Home Depot (HD) exceeded Wall Street’s estimates on the bottom-line in fiscal first-quarter results, but missed expectations for comparable same-store sales as unfavorable weather earlier this year dented demand for the retailer’s products.
The nation’s largest home improvement retailer delivered adjusted earnings of $2.27 per share on revenue of $26.4 billion for its fiscal first quarter. Consensus analysts expected the company to report adjusted EPS of $2.18 on revenue of $26.4 billion for its fiscal first quarter, according to data compiled by Bloomberg. In the year-ago quarter, the company posted sales of $24.9 billion and adjusted EPS of $2.08.
Comparable same-store sales, however, grew just 2.5% overall in the first quarter, versus the 4.3% expected. In the U.S., same-store sales rose 3%. The metric is closely watched by analysts and serves as a measure of efficiency for retail companies.
Home Depot also reaffirmed its guidance for fiscal 2019. It sees revenue growth of about 3.3% for the year, along with a 5% increase in comparable same-store sales. Adjusted EPS is expected to grow 3.1% from last year to $10.03, below the $10.09 consensus analysts expected. This guidance does not take into account any potential impact from the recent hike to tariffs on Chinese-made goods to 25%, management said during a call with investors Tuesday.
Shares of Home Depot were little changed as of 6:19 a.m. ET ahead of the opening bell, rising 0.52% to $191.75 each.
Heading into earnings results, analysts expected unfavorable weather at the start of the year to have put a chill on home improvement projects and, by extension, results for companies including Home Depot and Lowe’s (LOW).

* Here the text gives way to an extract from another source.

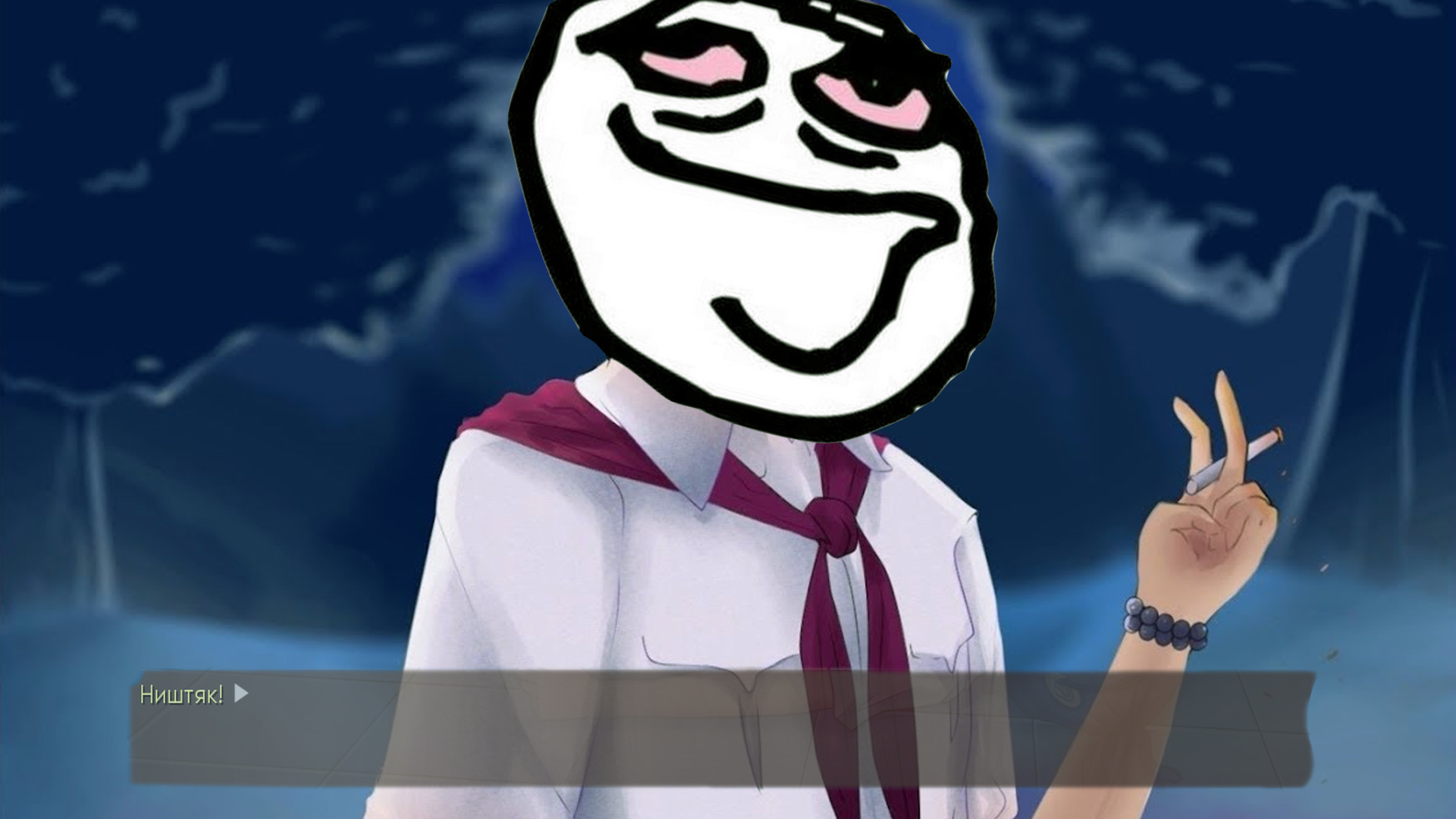 Дропал на: 1) Безумный секс-взгляд Ульяны 2)Какая-то стена текста хуй знает 3) Когда Санати свое чсв тешил. Ну, например, какую-то философскую хуйню высказывал, а пионерки им восхищались. Мол, вон как дает. 4) Когда водку начал искать чтоб Алису выебать. Похуй что в оригинале так же. Блевануть хотелось, так в душу насрали.

The latter reports results Wednesday.
"We were pleased with the underlying performance of the core business despite unfavorable weather in February and significant deflation in lumber prices compared to a year ago," Home Depot CEO Craig Menear said in a statement.
During a call with investors Tuesday morning, CFO Carol Tomé said comparable same-store sales would have been closer to 4.5% for the quarter, if not for the effect of weather and deflation in lumber prices. The company’s guidance does not include commodity price inflation or deflation, so if lumber prices remain at current levels, full-year sales could be impacted by as much as $800 million, Tomé said.
In the first several months of the year, data on the housing market had been choppy, with mortgage applications spiking between increases and decreases, according to data from the Mortgage Bankers Association. However, home price growth has slowed, and pending home sales were shown to have jumped a much better-than-expected 3.8% in March, creating a market of new homeowners looking for products to help with home improvement projects.
Shares of Home Depot were up 11.1% for the year-to-date through Monday’s close.